However, as climate justice activists denounce, biofuels can easily become false solutions if governments are not careful to implement them in a socially just manner. From forced evictions during the 2016 Rio Olympics, to the constant violence between indigenous peoples and ranchers, Brazil does not have a promising record when it comes to land rights. Not to mention that in calculating the numbers of total emissions or square kilometers of deforestation, Brazil’s planners tend to miss the point: land is not just a commodity. When land is rezoned, sold and converted from Amazon rainforest to cattle pasture to a sugar cane field for biofuels, something is lost. When forest fires finally burn out, they’ve not only released carbon into the atmosphere, destroyed biodiversity, and diseased the lungs of local people – they’ve extinguished the deep historical ties between the land and its previous inhabitants. That loss cannot be quantified.
The point is not to sit back, without urgency, because that will do nothing to stop ongoing deforestation or deter the changing climate that is already affecting the most vulnerable populations first – in Brazil, they are indigenous peoples, small farmers and fishers. The point is that focusing on mitigation technologies, like biofuels, to meet the NDC is urgency without justice and should not be a placeholder for long-term climate justice measures like securing indigenous lands and implementing low carbon agriculture. Currently, Brazil proposes the Low Carbon Emission Agriculture (ABC) Program as its “main strategy for sustainable agriculture development,” which will include “restoring an additional 15 million hectares of degraded pastures by 2030 and enhancing 5 million hectares of integrated crop-livestock-forest systems (ICLFS) by 2030.” Yet last year, only about 2% of Brazil’s agricultural development budget was destined to the ABC Program. Both culture (meat eating and traditional cattle ranching) and money (Brazil’s economic recession) are limiting factors to implementing the ABC program, but so is political will.
The COP22 Brazil Pavilion, sponsored by APEX (the Brazilian Trade and Investment Promotion Agency), boasts a flashy campaign video “Be Brasil,” designed to attract foreign investments for low carbon agriculture, reforestation and renewable energy. One frame announces that Brazil is “ready to feed the world,” as a huge tractor dumps a load of soy beans – this is concerning at a time when parts of the country are undergoing severe water shortage. The video ends by announcing that Brazil is “competitive, creative, modern, sustainable, and open for investments.” The disturbingly neoliberal undertones evoking that Brazil is for sale, reflect the country’s recent strategy for austerity and export-based economic recovery under the leadership of interim president Michel Temer. Indeed, as developing country negotiators at the COP are vehemently defending, financial investments are needed from developed countries for developing countries to achieve their NDCs. But Brazil’s poor climate report card – emissions have increased even during a recession – suggests that heading in this direction of market-based climate action requires better governance, if real emissions cuts are to be achieved.

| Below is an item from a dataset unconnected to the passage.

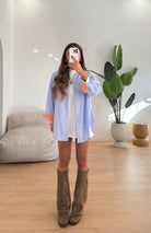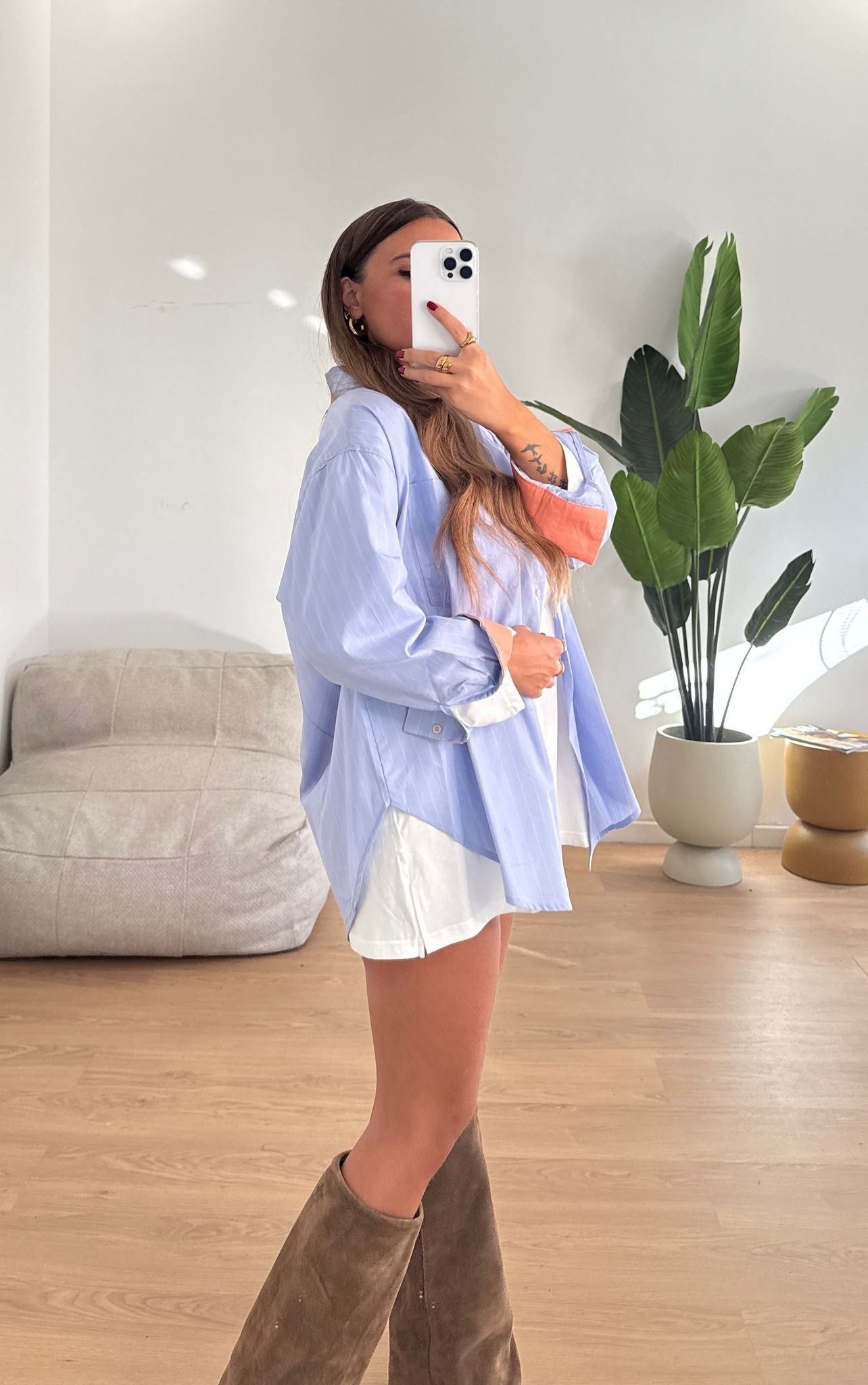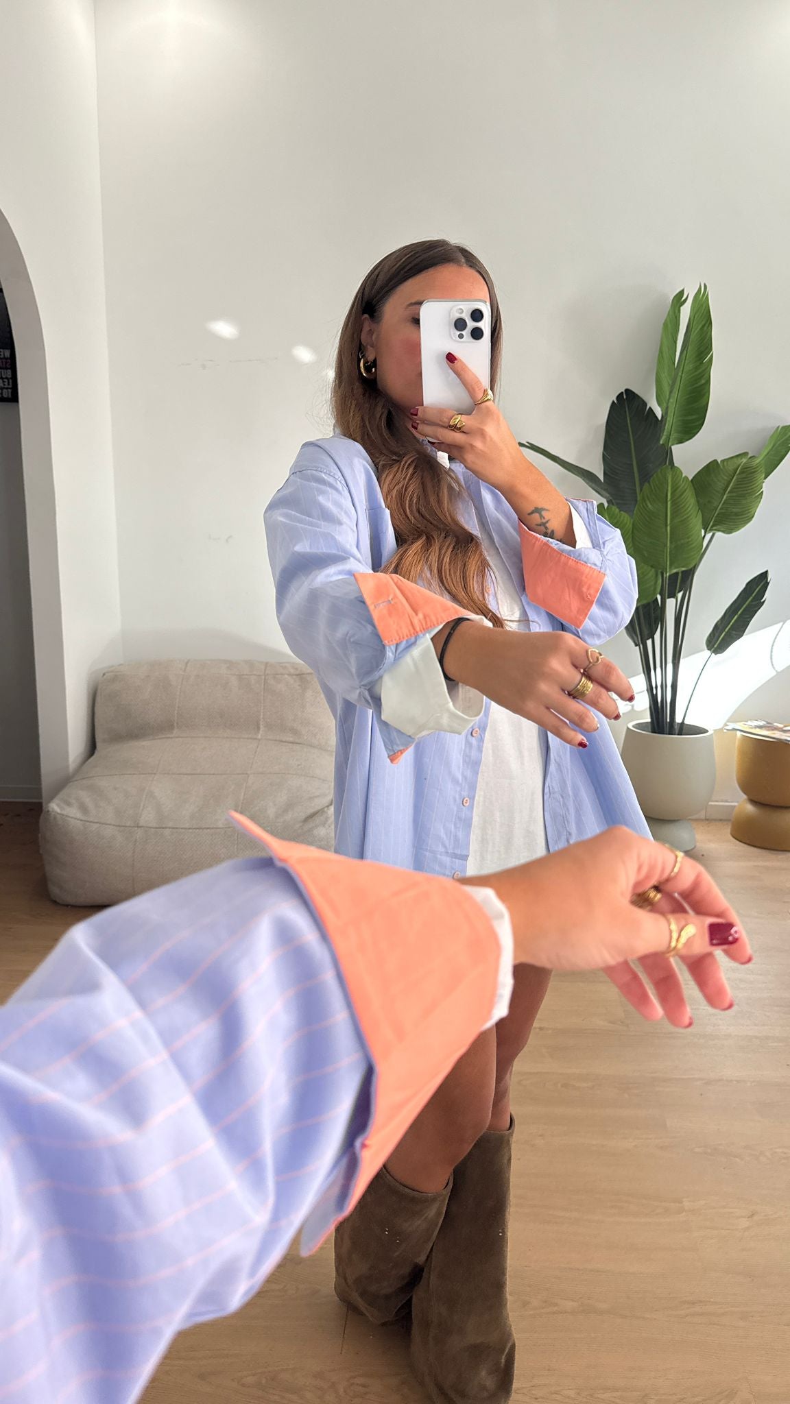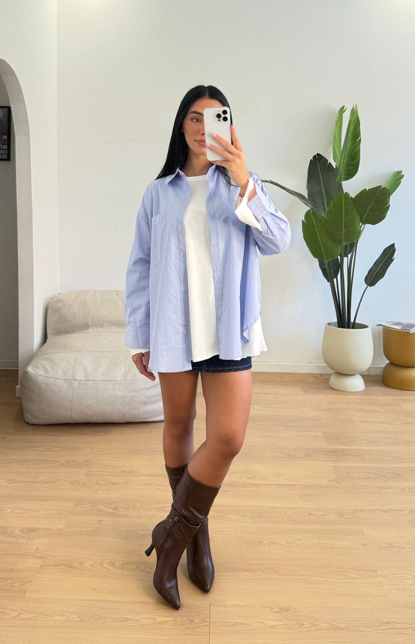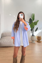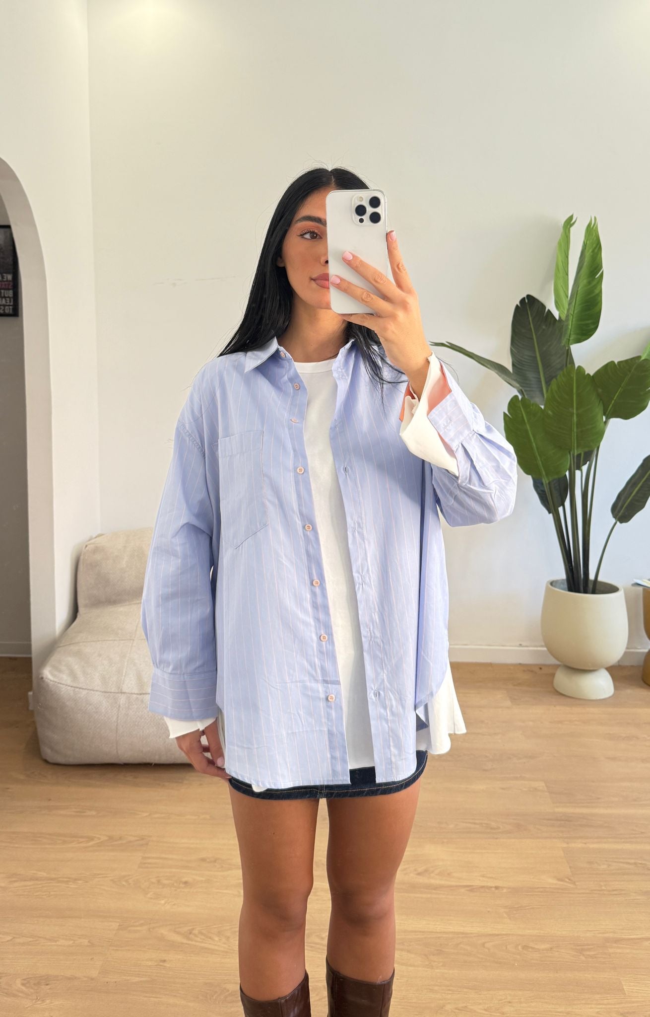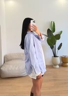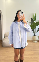 Camicione da donna gessato modello oversize ma veste la propria taglia e la modella indossa taglia S/M

Better governance means having the political foresight and restraint to keep fossil fuels in the ground. This is no easy feat given that the shiny profits of fossil fuels are often tied with huge corruption scandals – like the case of Petrobrás Oil that led to President Dilma Roussef’s impeachment and kickstarted the country’s political mayhem. Last Saturday, November 12th, in a side event entitled “The Real Brazil Exposed,” Brazilian climate justice activists from the drought-ridden state of Ceará convened a panel to denounce the Brazilian government’s incoherence in passing a billion dollar subsidy for the coal industry, while denying basic access to water for the people of Ceará. According to climate geologist Alexandre Costa, the largest coal power plant in the state, whose dirty energy is sent beyond Ceará to the national grid to feed power-hungry industrial regions of Brazil, consumes the scarce water of 5% of the state’s population for its cooling processes. So, by subsidizing highly polluting and water-consuming coal plants in Ceará, the government is investing in intensified droughts and dirty energy that the people of Ceará don’t even need.

As Brazil launches the Biofuture Platform, activists will continue fighting for climate action that is both urgent and just, by keeping the spotlight on sustainable land management and rights, as well as raising the voices of local realities to make sure the talk abroad is coherent with the walk at home.